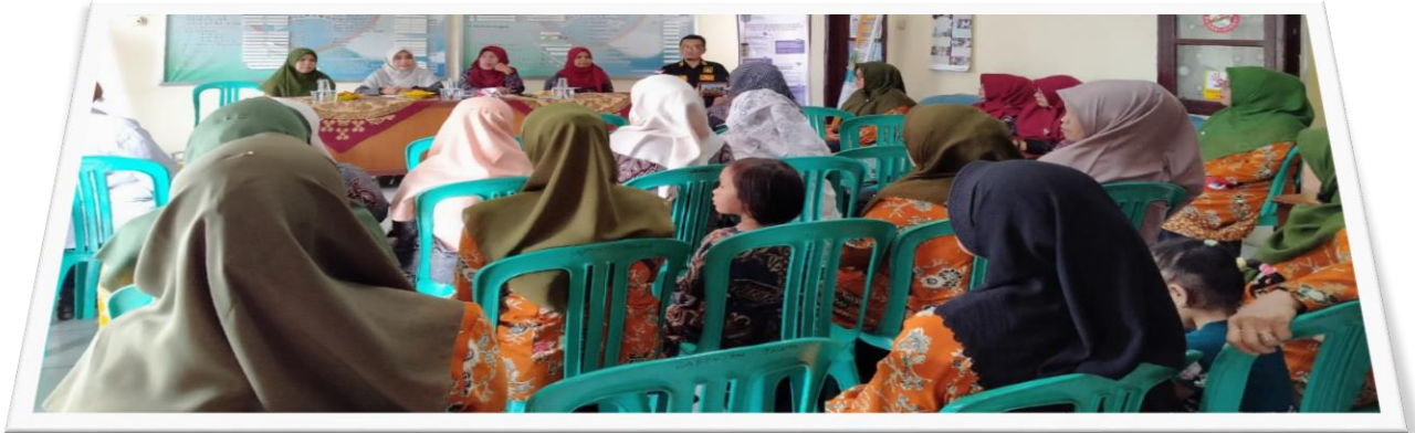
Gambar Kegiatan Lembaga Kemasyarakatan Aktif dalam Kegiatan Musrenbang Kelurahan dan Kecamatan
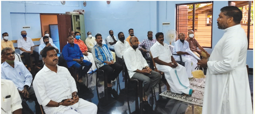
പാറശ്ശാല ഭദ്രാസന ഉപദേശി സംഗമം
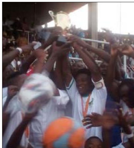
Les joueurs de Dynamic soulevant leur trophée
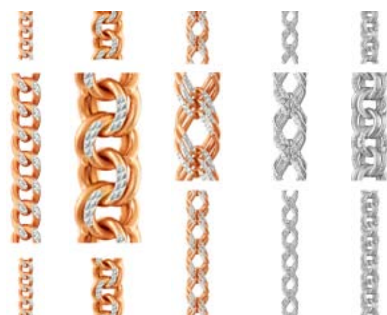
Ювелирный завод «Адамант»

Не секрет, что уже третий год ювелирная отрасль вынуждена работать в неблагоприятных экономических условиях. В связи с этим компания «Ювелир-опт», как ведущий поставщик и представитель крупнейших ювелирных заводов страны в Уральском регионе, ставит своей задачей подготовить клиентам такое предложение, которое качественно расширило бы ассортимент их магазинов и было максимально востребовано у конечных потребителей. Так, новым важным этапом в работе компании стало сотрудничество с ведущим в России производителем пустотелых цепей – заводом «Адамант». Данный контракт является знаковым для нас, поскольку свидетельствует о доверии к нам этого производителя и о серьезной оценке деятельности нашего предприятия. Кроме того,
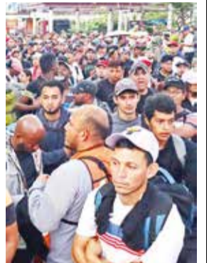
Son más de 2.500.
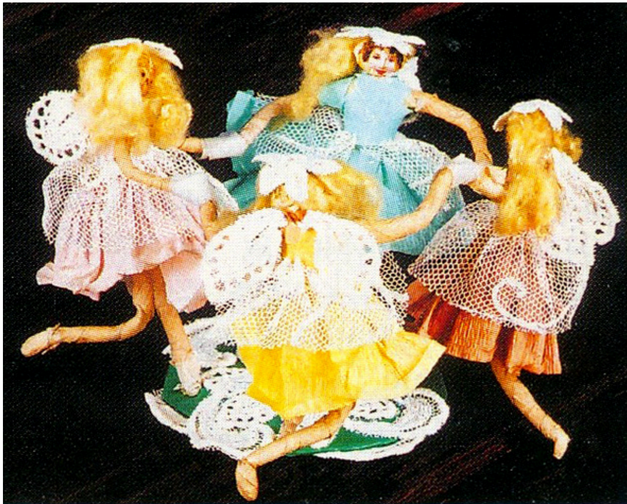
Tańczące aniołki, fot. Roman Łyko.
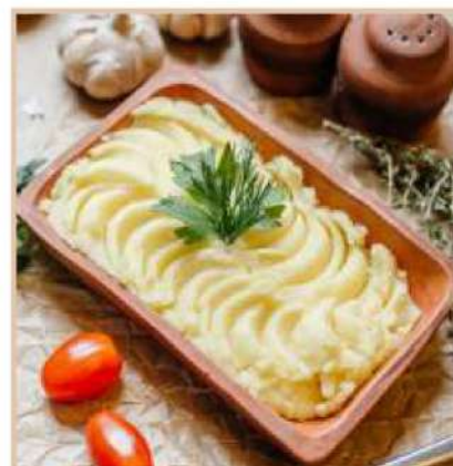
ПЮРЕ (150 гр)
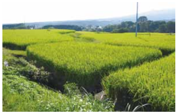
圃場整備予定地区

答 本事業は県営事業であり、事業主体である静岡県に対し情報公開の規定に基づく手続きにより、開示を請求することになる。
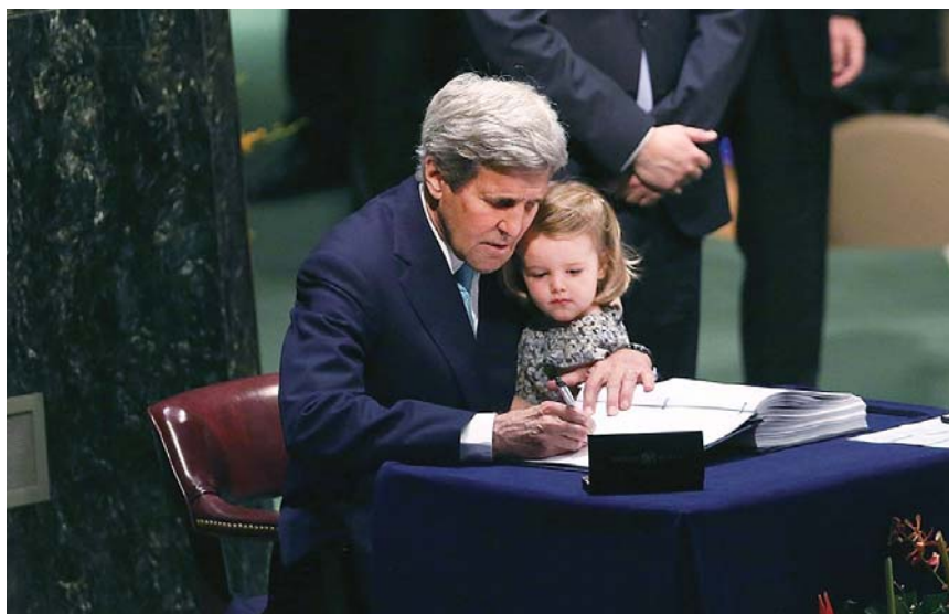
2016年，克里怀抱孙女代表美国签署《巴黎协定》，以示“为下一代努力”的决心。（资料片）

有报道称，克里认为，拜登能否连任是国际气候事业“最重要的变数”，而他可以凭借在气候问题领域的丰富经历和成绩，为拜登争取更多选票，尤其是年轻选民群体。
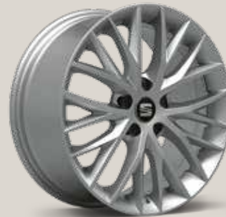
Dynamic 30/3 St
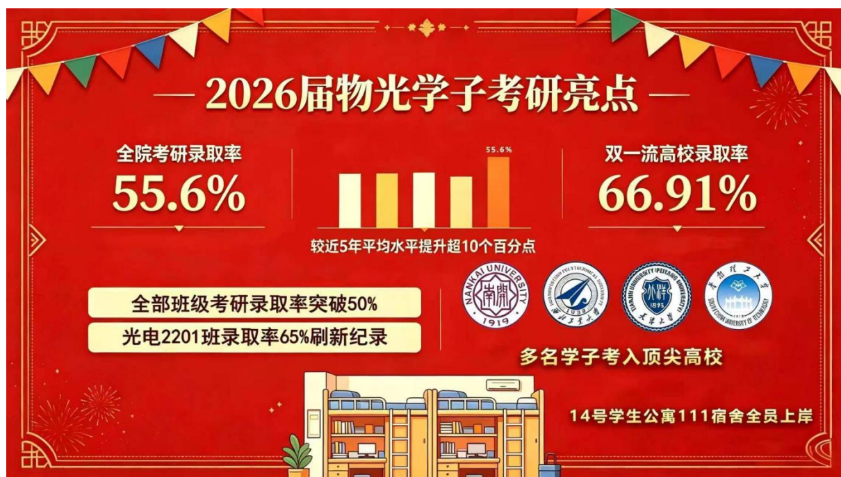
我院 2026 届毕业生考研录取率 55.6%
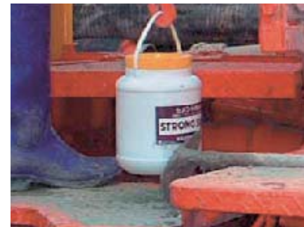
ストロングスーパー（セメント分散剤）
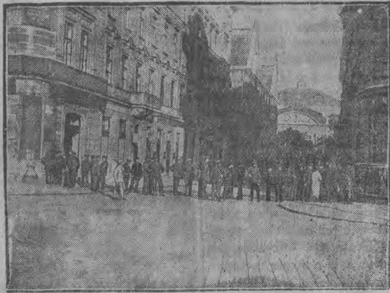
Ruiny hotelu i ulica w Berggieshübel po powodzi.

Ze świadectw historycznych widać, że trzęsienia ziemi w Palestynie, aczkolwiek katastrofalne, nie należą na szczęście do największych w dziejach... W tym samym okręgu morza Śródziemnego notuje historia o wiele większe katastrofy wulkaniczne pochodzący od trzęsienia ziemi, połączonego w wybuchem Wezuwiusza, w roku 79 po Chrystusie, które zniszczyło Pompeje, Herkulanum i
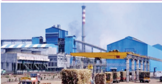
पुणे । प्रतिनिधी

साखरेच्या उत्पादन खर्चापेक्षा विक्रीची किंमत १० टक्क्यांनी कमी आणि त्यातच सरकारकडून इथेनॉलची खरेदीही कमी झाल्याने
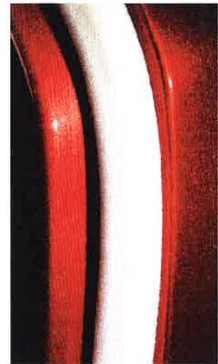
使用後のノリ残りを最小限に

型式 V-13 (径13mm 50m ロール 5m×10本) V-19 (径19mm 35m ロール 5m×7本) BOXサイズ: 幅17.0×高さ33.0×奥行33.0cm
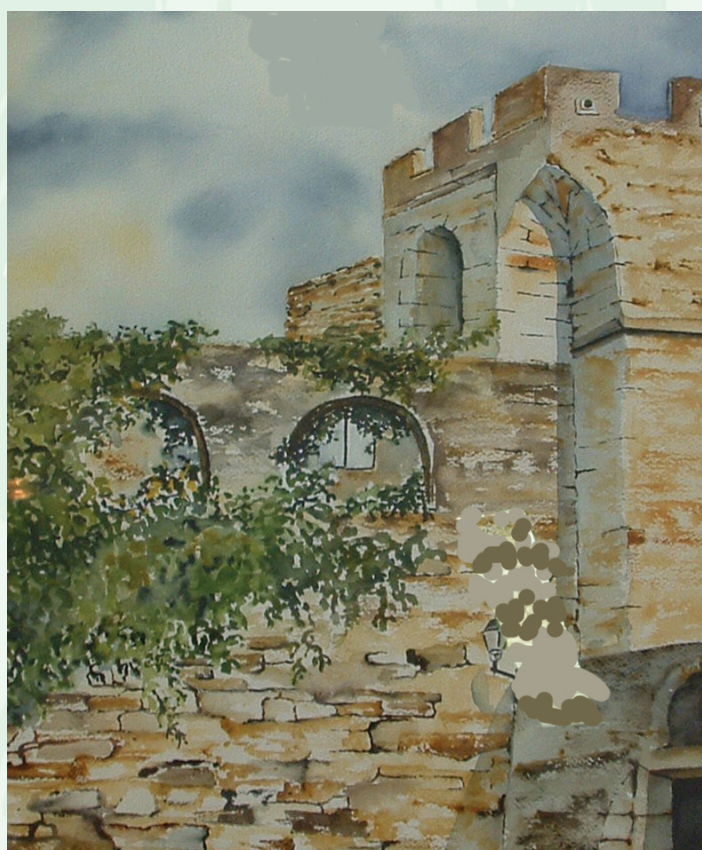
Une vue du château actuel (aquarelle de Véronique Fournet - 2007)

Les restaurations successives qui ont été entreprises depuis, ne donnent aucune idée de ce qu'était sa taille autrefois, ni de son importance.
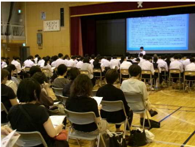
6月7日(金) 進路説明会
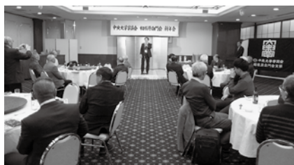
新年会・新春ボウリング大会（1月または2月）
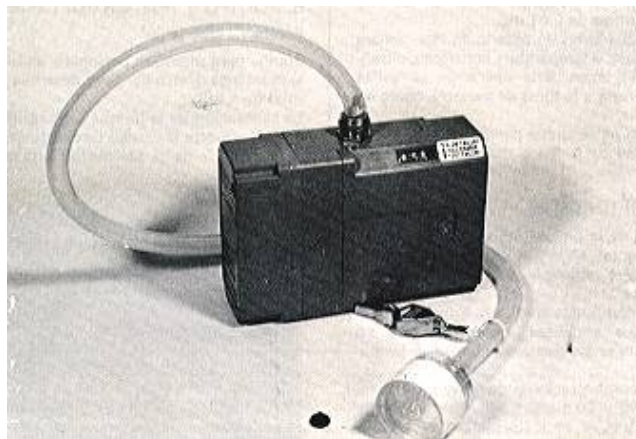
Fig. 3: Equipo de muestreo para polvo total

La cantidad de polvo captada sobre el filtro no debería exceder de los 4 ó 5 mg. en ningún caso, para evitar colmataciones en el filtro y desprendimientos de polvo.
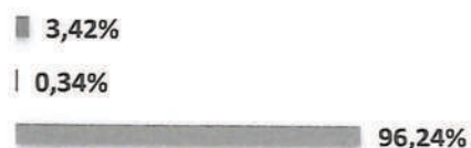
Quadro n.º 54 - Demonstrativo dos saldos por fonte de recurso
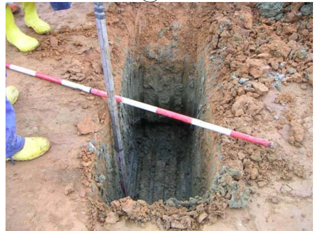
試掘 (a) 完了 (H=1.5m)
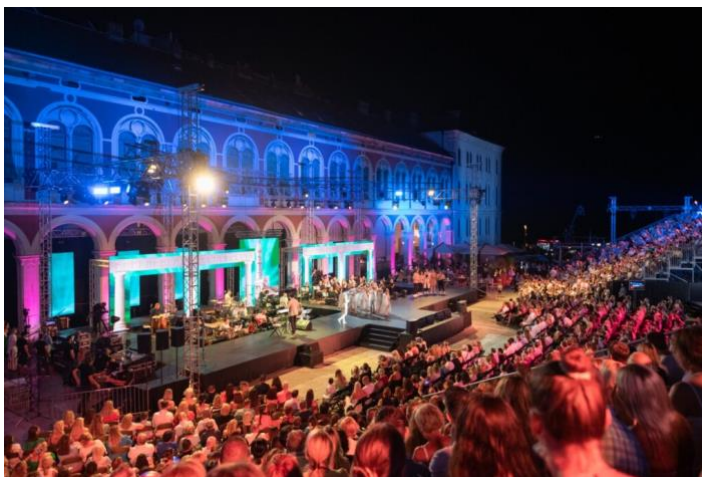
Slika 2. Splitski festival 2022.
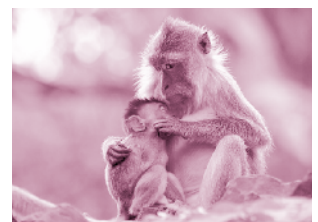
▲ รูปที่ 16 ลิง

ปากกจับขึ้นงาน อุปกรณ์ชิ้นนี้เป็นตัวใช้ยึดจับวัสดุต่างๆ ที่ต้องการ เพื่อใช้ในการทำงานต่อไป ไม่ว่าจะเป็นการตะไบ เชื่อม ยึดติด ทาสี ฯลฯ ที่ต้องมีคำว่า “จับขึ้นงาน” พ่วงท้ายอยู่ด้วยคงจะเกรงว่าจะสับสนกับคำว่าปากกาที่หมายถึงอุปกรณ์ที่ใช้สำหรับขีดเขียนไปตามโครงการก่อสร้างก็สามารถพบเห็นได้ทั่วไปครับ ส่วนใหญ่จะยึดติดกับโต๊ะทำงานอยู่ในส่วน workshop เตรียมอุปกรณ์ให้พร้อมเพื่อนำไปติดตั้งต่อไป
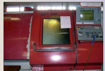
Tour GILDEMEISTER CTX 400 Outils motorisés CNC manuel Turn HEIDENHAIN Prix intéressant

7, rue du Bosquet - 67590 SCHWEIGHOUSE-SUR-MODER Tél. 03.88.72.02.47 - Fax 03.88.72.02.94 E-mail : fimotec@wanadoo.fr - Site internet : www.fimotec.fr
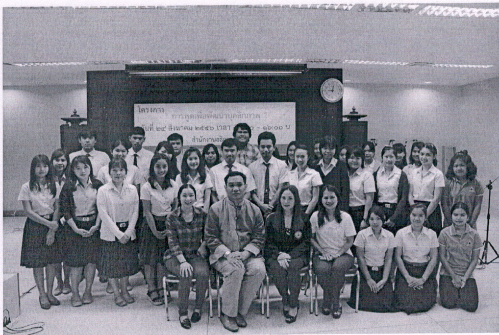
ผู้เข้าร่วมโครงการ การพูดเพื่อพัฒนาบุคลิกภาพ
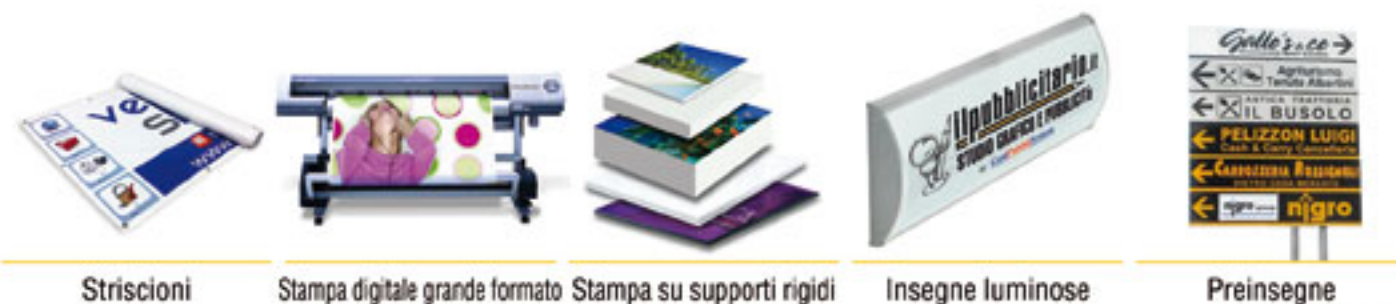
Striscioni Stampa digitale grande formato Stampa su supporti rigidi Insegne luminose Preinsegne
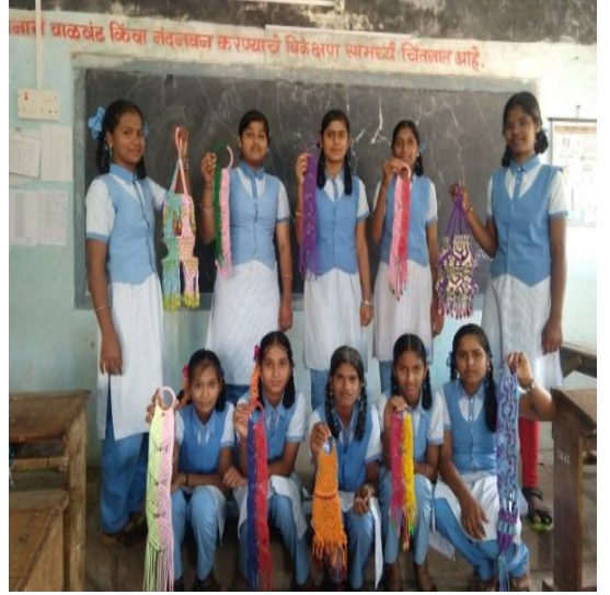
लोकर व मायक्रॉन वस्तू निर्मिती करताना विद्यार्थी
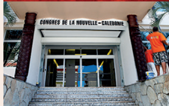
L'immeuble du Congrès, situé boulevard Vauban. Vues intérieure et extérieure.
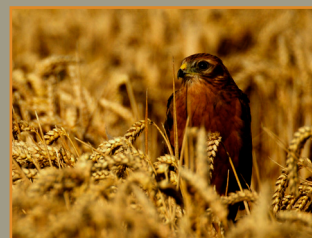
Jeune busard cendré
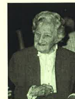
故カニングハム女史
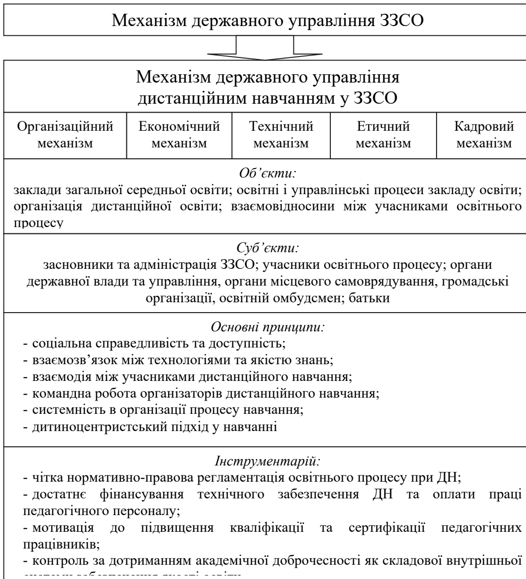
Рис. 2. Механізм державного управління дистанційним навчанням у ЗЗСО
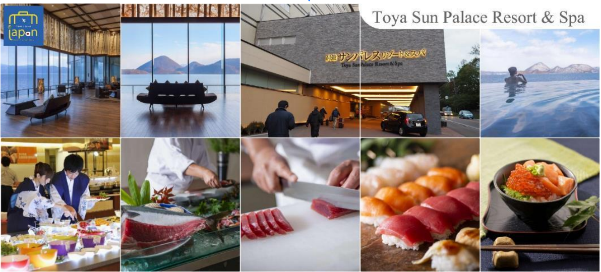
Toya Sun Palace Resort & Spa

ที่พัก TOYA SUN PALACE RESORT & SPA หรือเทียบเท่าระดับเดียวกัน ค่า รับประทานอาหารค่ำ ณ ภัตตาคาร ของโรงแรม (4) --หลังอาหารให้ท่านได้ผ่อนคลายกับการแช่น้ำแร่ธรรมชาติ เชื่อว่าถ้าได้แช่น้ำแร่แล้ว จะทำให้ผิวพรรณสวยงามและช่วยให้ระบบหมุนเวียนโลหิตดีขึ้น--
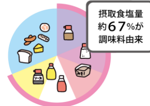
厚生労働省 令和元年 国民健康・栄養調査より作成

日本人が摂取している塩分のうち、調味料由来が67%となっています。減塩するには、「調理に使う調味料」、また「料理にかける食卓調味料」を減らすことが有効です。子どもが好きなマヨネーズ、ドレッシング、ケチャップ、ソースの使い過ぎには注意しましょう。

——————

■ Brief: Pictures don't belong in the copy. Retype exactly the lines from the one with "Striscioni Stampa digitale" through the last line of the records.

■ Answer:
Striscioni Stampa digitale grande formato Stampa su supporti rigidi Insegne luminose Preinsegne
लोकर व मायक्रॉन वस्तू निर्मिती करताना विद्यार्थी
L'immeuble du Congrès, situé boulevard Vauban. Vues intérieure et extérieure.
Jeune busard cendré
故カニングハム女史
Рис. 2. Механізм державного управління дистанційним навчанням у ЗЗСО
Toya Sun Palace Resort & Spa

ที่พัก TOYA SUN PALACE RESORT & SPA หรือเทียบเท่าระดับเดียวกัน ค่า รับประทานอาหารค่ำ ณ ภัตตาคาร ของโรงแรม (4) --หลังอาหารให้ท่านได้ผ่อนคลายกับการแช่น้ำแร่ธรรมชาติ เชื่อว่าถ้าได้แช่น้ำแร่แล้ว จะทำให้ผิวพรรณสวยงามและช่วยให้ระบบหมุนเวียนโลหิตดีขึ้น--
厚生労働省 令和元年 国民健康・栄養調査より作成

日本人が摂取している塩分のうち、調味料由来が67%となっています。減塩するには、「調理に使う調味料」、また「料理にかける食卓調味料」を減らすことが有効です。子どもが好きなマヨネーズ、ドレッシング、ケチャップ、ソースの使い過ぎには注意しましょう。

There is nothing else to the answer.